■ **DIRECTIONS**
Transcribe the whole listing exactly; the images stay out.

■ **DATA PROVIDED**
Segment Open

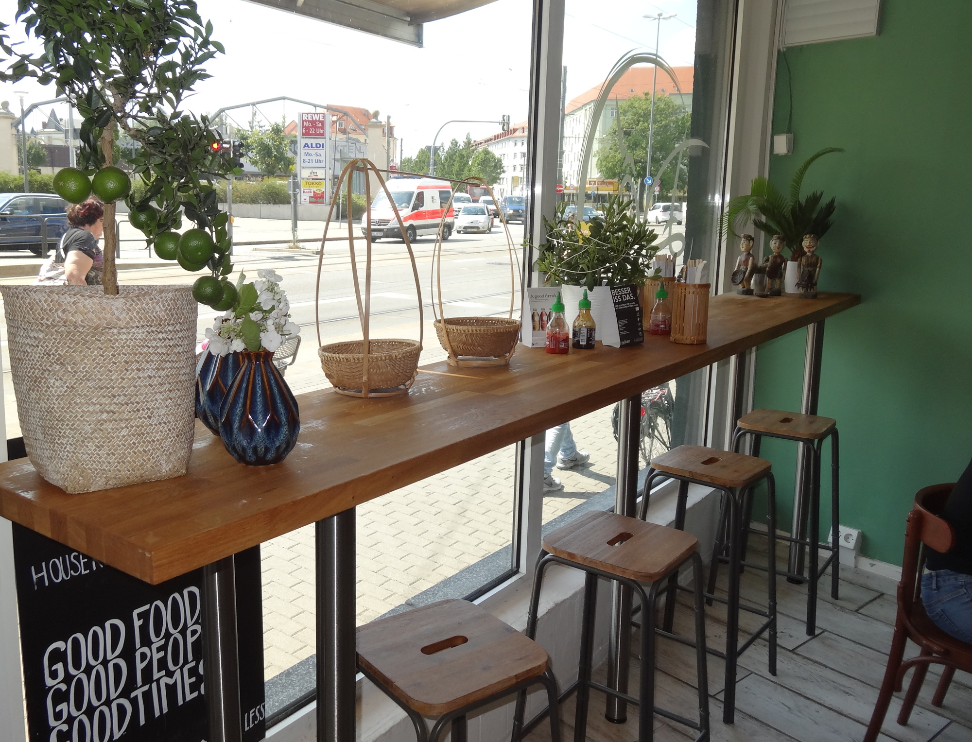 Die Plätze am Fenster im Bistro „Street Food Vietnam“ werden reduziert. Foto: W. Schenk
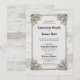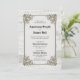 Um convite de casamento emoldurado em madeira esculpida rústica e ornamentada com uma atmosfera vintage usando texto em Inglês Antigo para apresentar os nomes dos noivos. Este é um convite detalhado que inclui tanto os locais da cerimônia quanto da recepção. Este convite inclui um pedido de RSVP na parte inferior para lembrar os convidados a confirmar sua presença junto com um aviso de RSVP na parte inferior para lembrar os convidados a confirmar sua presença.
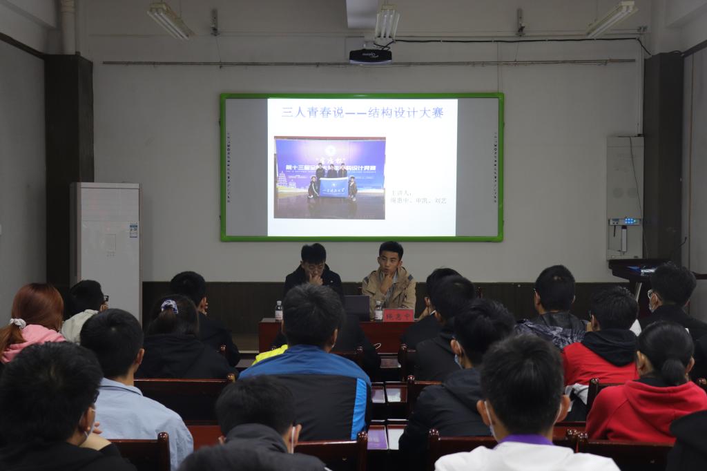10月29日下午,土建学院在J15-201顺利举办了“三人青春说”之结构设计大赛经验分享论坛活动。本次活动由绳惠中、刘艺、申凯三位优秀学生担任主讲人。

Segment Closed

■ **FINISHED EXERCISE**
 Die Plätze am Fenster im Bistro „Street Food Vietnam“ werden reduziert. Foto: W. Schenk
 Um convite de casamento emoldurado em madeira esculpida rústica e ornamentada com uma atmosfera vintage usando texto em Inglês Antigo para apresentar os nomes dos noivos. Este é um convite detalhado que inclui tanto os locais da cerimônia quanto da recepção. Este convite inclui um pedido de RSVP na parte inferior para lembrar os convidados a confirmar sua presença junto com um aviso de RSVP na parte inferior para lembrar os convidados a confirmar sua presença.
10月29日下午,土建学院在J15-201顺利举办了“三人青春说”之结构设计大赛经验分享论坛活动。本次活动由绳惠中、刘艺、申凯三位优秀学生担任主讲人。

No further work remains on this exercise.